# Good VST's for Dubstep producing?



## xXFirefurryXx (Jan 3, 2012)

I need help with knowing some good VST'S for Dubstep. Ideas?
(They have to work with FL Studio.)


----------



## Captain Howdy (Jan 3, 2012)

We don't need more dubstep. 

Pick up a geetar.


----------



## Cyril (Jan 3, 2012)

I hear you can get one that's just an assortment of various "nails on chalkboard" samples. People using that one have made the best dubstep I've ever heard. It's like magic.


----------



## Aidy (Jan 3, 2012)

I would help if you were using a good DAW, like Ableton or Pro Tools. Even Cubase, I'd think that something like Reason is better for Dubstep anyway, lots of producers that I've seen who create Dubstep use Reason.


----------



## shteev (Jan 3, 2012)

*cough* Use Ableton *cough cough*


----------



## xXFirefurryXx (Jan 3, 2012)

shteev said:


> *cough* Use Ableton *cough cough*


I said VST, not the whole program.


----------



## xXFirefurryXx (Jan 3, 2012)

Aidy70060 said:


> I would help if you were using a good DAW, like Ableton or Pro Tools. Even Cubase, I'd think that something like Reason is better for Dubstep anyway, lots of producers that I've seen who create Dubstep use Reason.

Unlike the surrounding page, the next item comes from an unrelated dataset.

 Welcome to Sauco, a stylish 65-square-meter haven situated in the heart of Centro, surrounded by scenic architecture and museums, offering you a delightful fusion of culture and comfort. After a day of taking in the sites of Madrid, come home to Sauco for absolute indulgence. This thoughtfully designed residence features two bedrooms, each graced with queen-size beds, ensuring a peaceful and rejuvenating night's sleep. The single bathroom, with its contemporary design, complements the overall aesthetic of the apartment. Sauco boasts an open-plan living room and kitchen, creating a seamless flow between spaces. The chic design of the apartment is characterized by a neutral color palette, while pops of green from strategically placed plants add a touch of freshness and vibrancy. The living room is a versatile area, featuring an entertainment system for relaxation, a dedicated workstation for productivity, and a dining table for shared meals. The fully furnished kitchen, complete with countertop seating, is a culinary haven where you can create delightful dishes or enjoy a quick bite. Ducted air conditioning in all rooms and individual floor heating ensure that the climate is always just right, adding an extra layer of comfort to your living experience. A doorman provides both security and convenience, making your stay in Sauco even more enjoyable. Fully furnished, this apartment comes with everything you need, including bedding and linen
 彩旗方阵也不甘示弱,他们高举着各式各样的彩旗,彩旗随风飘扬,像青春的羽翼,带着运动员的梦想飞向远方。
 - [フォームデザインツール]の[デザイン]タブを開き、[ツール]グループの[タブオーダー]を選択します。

-Doe's not have the money for any of those programs.-


----------



## Aidy (Jan 3, 2012)

xXFirefurryXx said:


> I said VST, not the whole program.



But Ableton has got a few good VSTs that are great for Dubstep, not to mention it's great for DJing (Proper DJing, like a live club DJ set). Try looking around on Google or something, or ask other people who use FL Studio.


----------



## xXFirefurryXx (Jan 3, 2012)

Aidy70060 said:


> But Ableton has got a few good VSTs that are great for Dubstep, not to mention it's great for DJing (Proper DJing, like a live club DJ set). Try looking around on Google or something, or ask other people who use FL Studio.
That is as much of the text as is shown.